BEGIN DATASET EXCERPTS
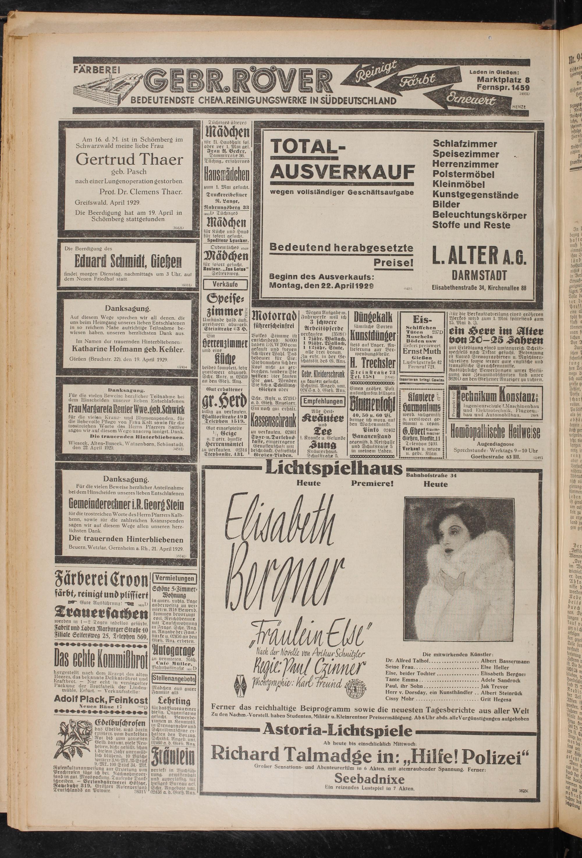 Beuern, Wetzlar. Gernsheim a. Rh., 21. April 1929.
END DATASET EXCERPTS
BEGIN DATASET EXCERPTS
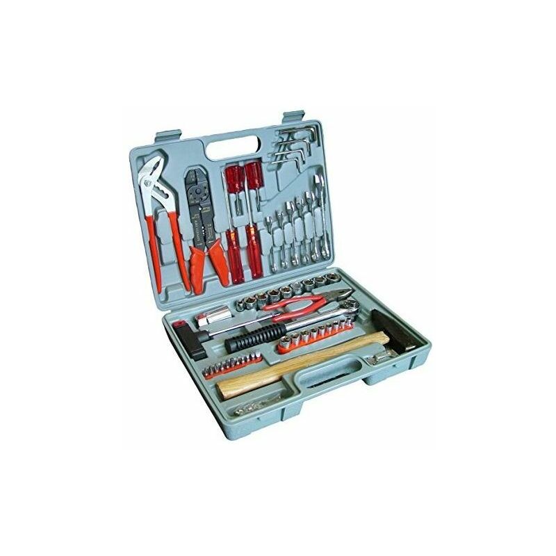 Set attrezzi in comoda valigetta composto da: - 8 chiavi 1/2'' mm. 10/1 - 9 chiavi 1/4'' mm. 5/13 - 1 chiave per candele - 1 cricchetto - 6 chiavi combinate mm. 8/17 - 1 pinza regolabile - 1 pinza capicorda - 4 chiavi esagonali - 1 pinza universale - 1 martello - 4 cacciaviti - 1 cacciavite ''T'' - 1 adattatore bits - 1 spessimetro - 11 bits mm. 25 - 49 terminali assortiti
END DATASET EXCERPTS
BEGIN DATASET EXCERPTS
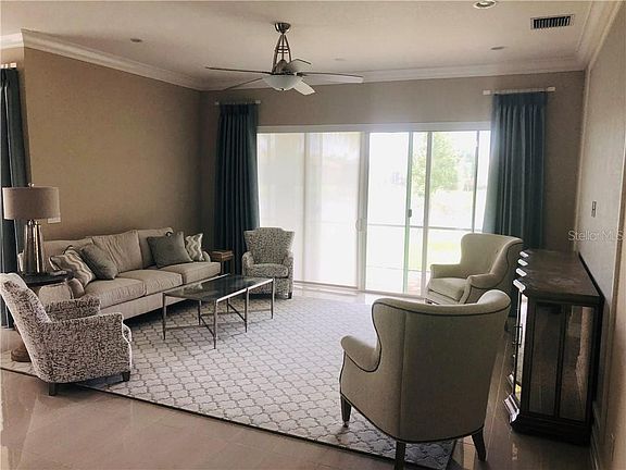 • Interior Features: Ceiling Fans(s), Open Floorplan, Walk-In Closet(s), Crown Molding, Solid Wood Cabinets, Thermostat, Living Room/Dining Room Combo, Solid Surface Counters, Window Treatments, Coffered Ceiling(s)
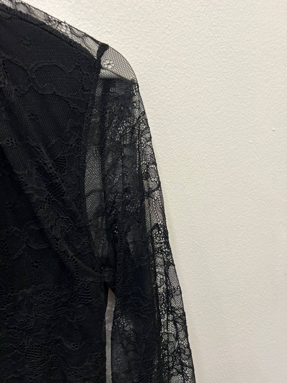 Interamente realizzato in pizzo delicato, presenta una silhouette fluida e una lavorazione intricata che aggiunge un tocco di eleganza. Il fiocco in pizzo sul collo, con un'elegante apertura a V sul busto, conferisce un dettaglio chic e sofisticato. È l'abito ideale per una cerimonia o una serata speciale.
END DATASET EXCERPTS
- _DIRECTIONS FOR THIS TASK_:
The lines above from the line with "Treatments, Coffered Ceiling(s)" through the line with "Interamente realizzato in" are to be given again word for word, with no pictures among them.

- _ANSWER SECTION_:
 • Interior Features: Ceiling Fans(s), Open Floorplan, Walk-In Closet(s), Crown Molding, Solid Wood Cabinets, Thermostat, Living Room/Dining Room Combo, Solid Surface Counters, Window Treatments, Coffered Ceiling(s)
 Interamente realizzato in pizzo delicato, presenta una silhouette fluida e una lavorazione intricata che aggiunge un tocco di eleganza. Il fiocco in pizzo sul collo, con un'elegante apertura a V sul busto, conferisce un dettaglio chic e sofisticato. È l'abito ideale per una cerimonia o una serata speciale.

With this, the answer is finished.